The play is nearly finished, and I share the script with the students. Their enthusiasm is… quiet. We do auditions, but after warm-ups our 50 minute classes make this virtually impossible. I decide to do something a bit dangerous: I have them rank their personal preferences. The theory is that a) I can tailor the script to them after casting, so it’s not about having a perfect fit, and b) every bit of enthusiasm is vital to this process, the play will live or die by the energy they put in, and casting based on preference will give us the greatest chance of enthusiasm.
It works.
There are some idiosyncrasies. For one, I cast the role with the most scenes to the actor who is in an RV heading to California. My actor who is best at physical acting is largely a voice. And yet, whenever I give the students the option for more rehearsal, they go for it.
Part 4: Tech Week and the Performance
Tech is hell. The traditional headaches are non-existent – my tech students send the actors their costumes and props and lights and makeup well before they’re needed, and I jerry rig a sound set-up. It’s the internet, them’s the problem. The internet is fussy for two of the actors, and for me, too. We’re using a program that has great camera resolution, even for the rickety Chromebooks (something that thwarts Zoom), but needs more bandwidth than the actors’ families have available during the rehearsals. I create three or four backup plans if the live performance should buzz out.
“Lexington, if the internet fails, you jump in and improvise a Drama Llama episode for the Public Access Portland. It doesn’t matter where in the script we are.”

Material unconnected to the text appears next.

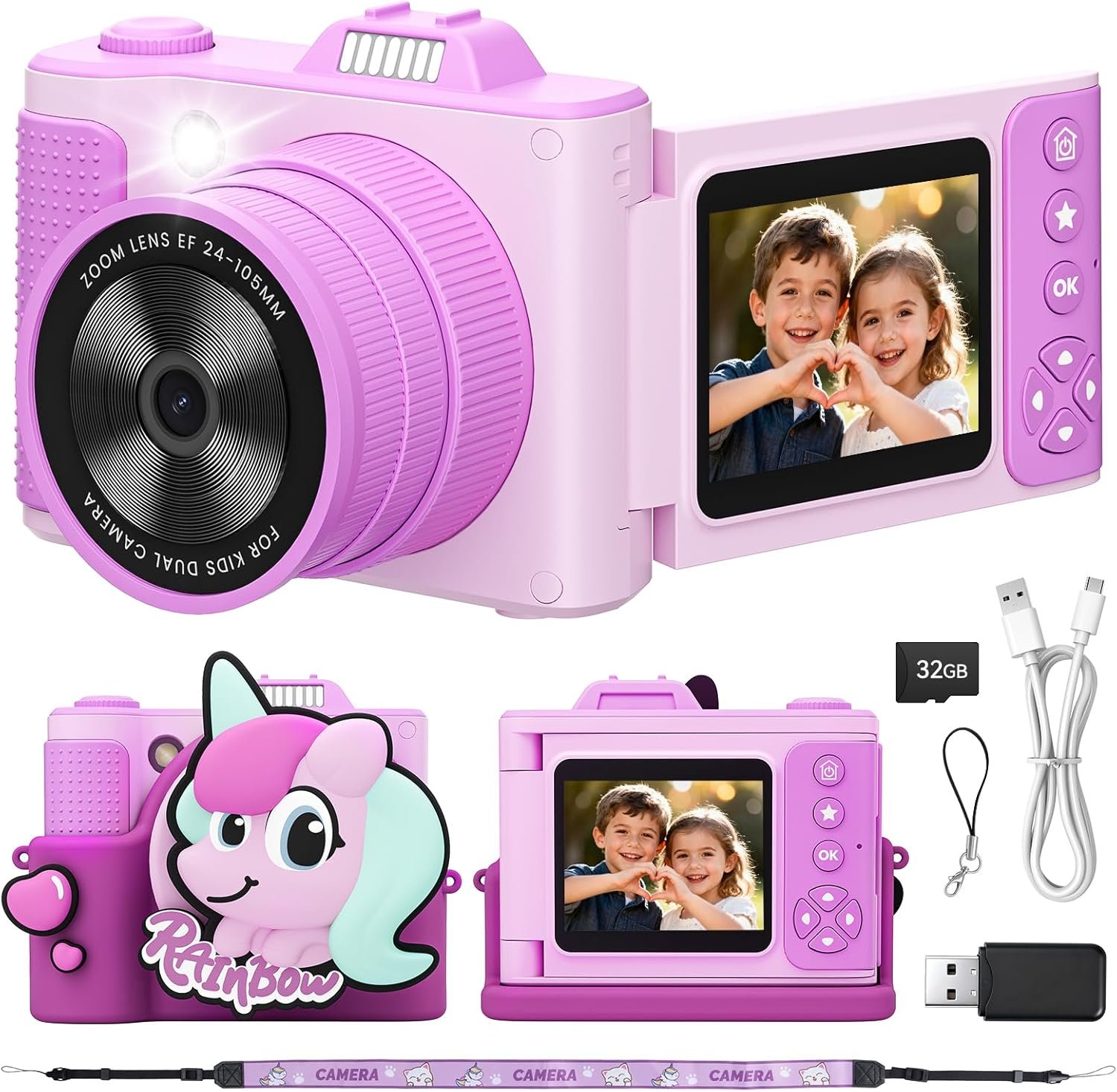 LONG-LASTING BATTERY & 32GB SD CARD:The 1000mAh rechargeable battery and 1A charging cable,ensures 2-3 hours of continuous photography. The 32GB SD card Can store thousands of pictures and videos, meeting kids’ daily needs. The included card reader can transfer photos to your computer, recording the wonderful moments of your child’s growth.
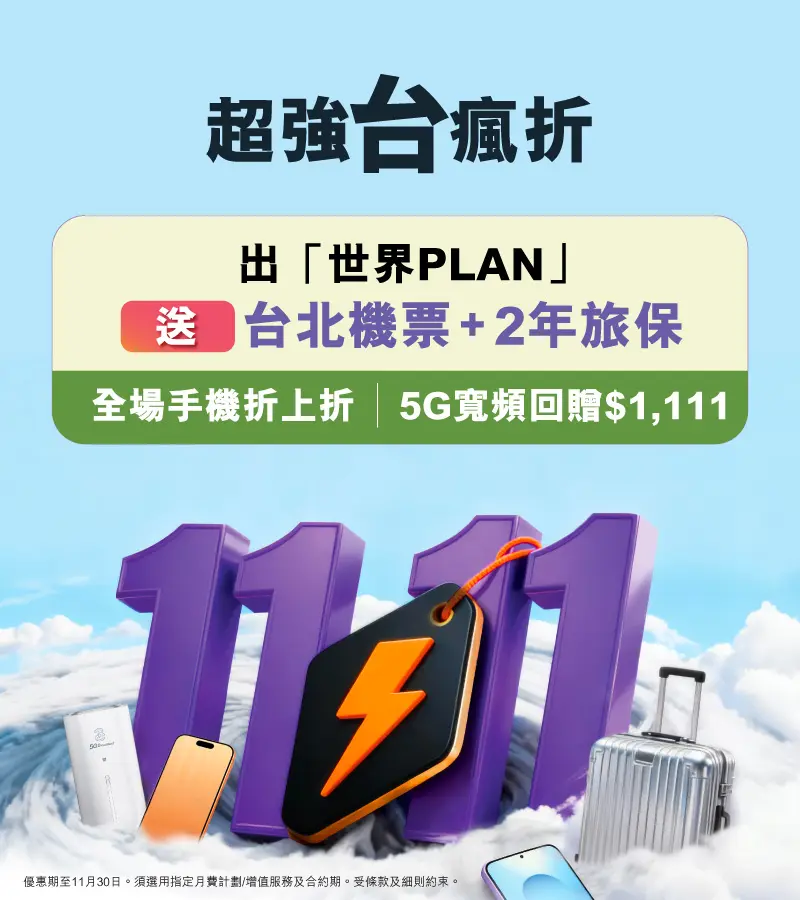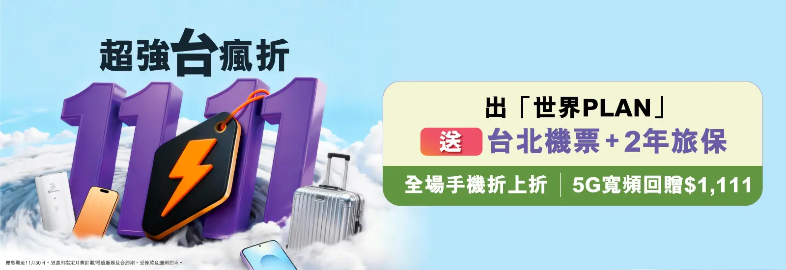 上指定世界PLAN,限時狂賞$1,111月費回贈!

Fortunately, the kids know their characters so well that when hiccups happen, they’re prepared.
We perform.
The internet holds.
We’re live, focused, and the audience is blowing up the chat. Every mistake reminds us that it’s live, and the last performance is nearly flawless. For the first time in months, it feels like pre-pandemic theatre.
People who have never seen my work with teens catch the show. Grandparents watch it. Out of state cousins and friends. Artists and writers. Teens in theatre programs. We have a bigger audience than anything we’ve ever done.
And then we rest.

In ten years time, I probably won’t have too many productions of The Secret Lives of Gamers and Dead Astronauts. High schools don’t often need small cast plays. But I will still have the Youtube recording of this production, a special one. A play that meant the world to me.
And one that I hope helps others make their own work in this weird time.